A policeman wearing a mask as a protection against the coronavirus keeps guard outside a half-closed shop in Srinagar, Indian controlled Kashmir, Tuesday, June 9, 2020. (AP Photo/Mukhtar Khan)

NEW DELHI (AP) — The number of coronavirus cases in India continued to rapidly increase Wednesday, with officials reporting nearly 10,000 new cases over the past 24 hours.

The spike has come as the government moves forward with reopening restaurants, shopping malls and religious places in most of its states after a more than two-month-old lockdown.

The government has already partially restored train services and domestic flights and allowed shops and manufacturing to reopen. Subways, hotels and schools and colleges, however, remain shuttered nationwide.

The Health Ministry on Wednesday reported an 24-hour increase of 9,985 cases and 274 deaths. India has recorded 276,583 positive cases, the fifth highest in the world, and 7,745 deaths.
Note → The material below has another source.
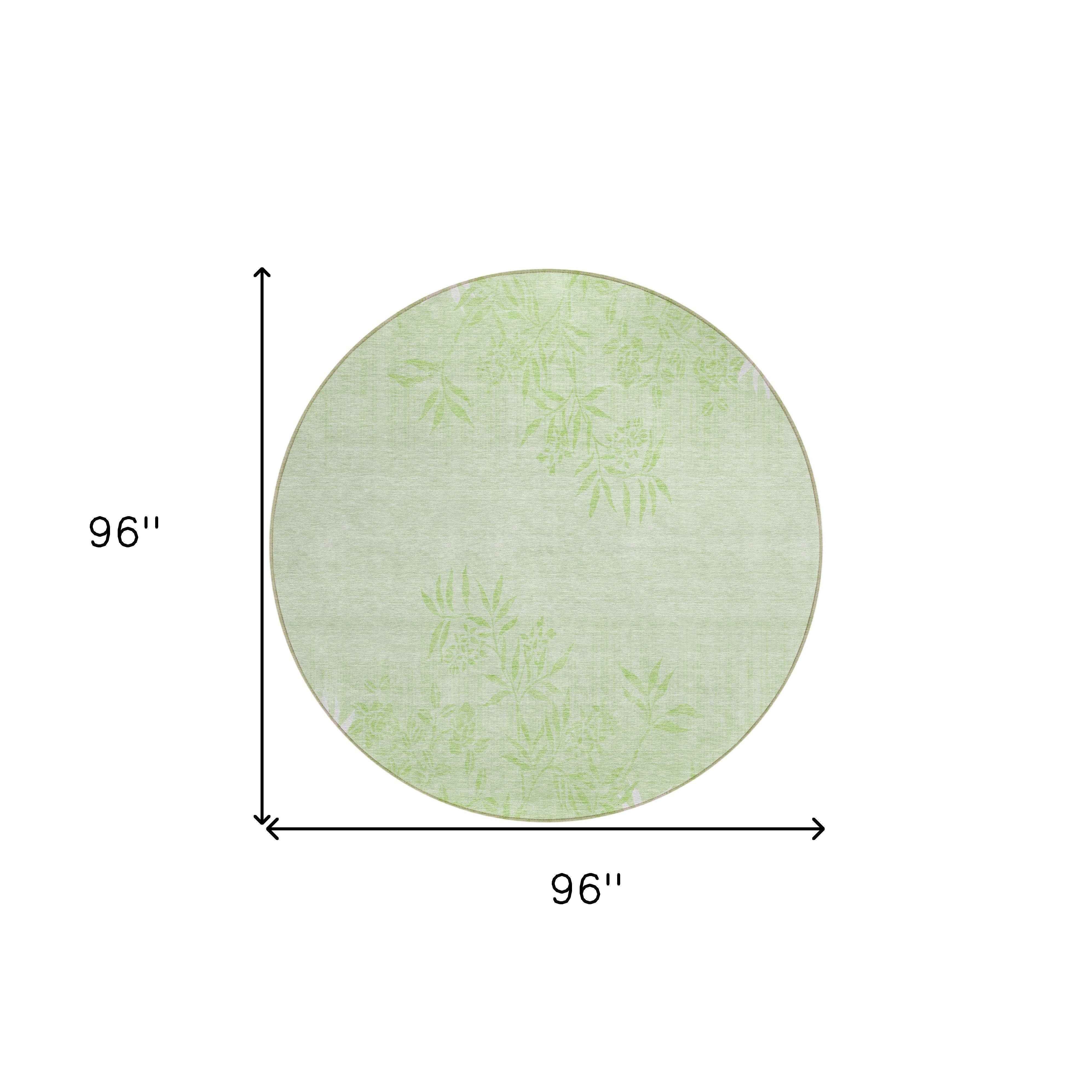 8' Mint Green Artichoke Green And Ivory Round Floral Washable Indoor Outdoor Area Rug
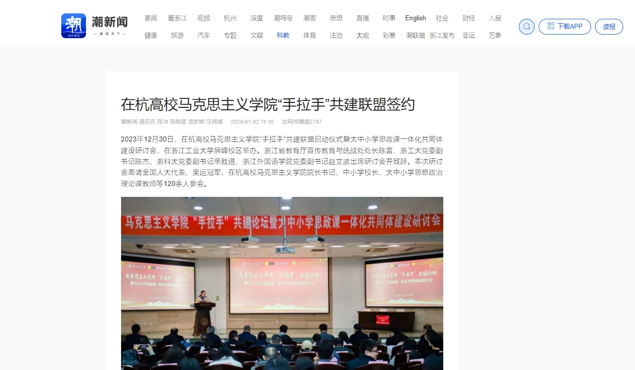12月30日,在杭高校马克思主义学院“手拉手”共建联盟启动仪式暨大中小学思政课一体化共同体建设研讨会举行。会上,伟德官网党委副书记单胜道和浙江工业大学党委副书记陈杰、浙江外国语学院党委副书记赵文波共同为“手拉手”共建马克思主义学院揭牌。三所高校马克思主义学院负责人共同签署了“手拉手”共建联盟协议,并为思想政治理论课实践导师颁发聘书。学习强国、潮新闻客户端等媒体对会议进行了报道。

The actual numbers, like elsewhere in the world, are thought to be fair higher due to a number of reasons such as limited testing.

More than 4.9 million tests have been conducted in the country of 1.3 billion people, with daily testing crossing 140,000 people.

Maharashtra, Tamil Nadu and New Delhi are the worst-hit states with 90,787, 34,914 and 31,309 positive cases respectively.

In other developments in the Asia-Pacific region:

KOREA TO REQUIRE QR CODE: South Korea has reported 50 new cases of COVID-19 as officials began requiring nightclubs, karaoke rooms and gyms to register their customers with smartphone QR codes so they could be easily located when needed. Since late May, the country has been reporting around 30 to 50 new cases per day, a resurgence that has threatened to erase some of the hard-won gains against the virus. The nationwide requirement of QR codes at “high-risk” venues come after a weeklong trial run in the cities of Seoul, Incheon and Daejeon. The government is also encouraging churches, libraries, hospitals and movie theaters to voluntarily adopt the technology. Critics have raised privacy concerns.

— CHINA REPORTS 3 CASES: China says its three latest cases of coronavirus infection were brought from outside the country. No new deaths were reported Wednesday and just 55 people remain in treatment for COVID-19, while another 157 were being monitored in isolation for showing signs of having the virus or having tested positive for it without showing symptoms. China has reported a total of 4,634 deaths among 83,046 cases of COVID-19 since the virus was first detected in the central Chinese city of Wuhan late last year.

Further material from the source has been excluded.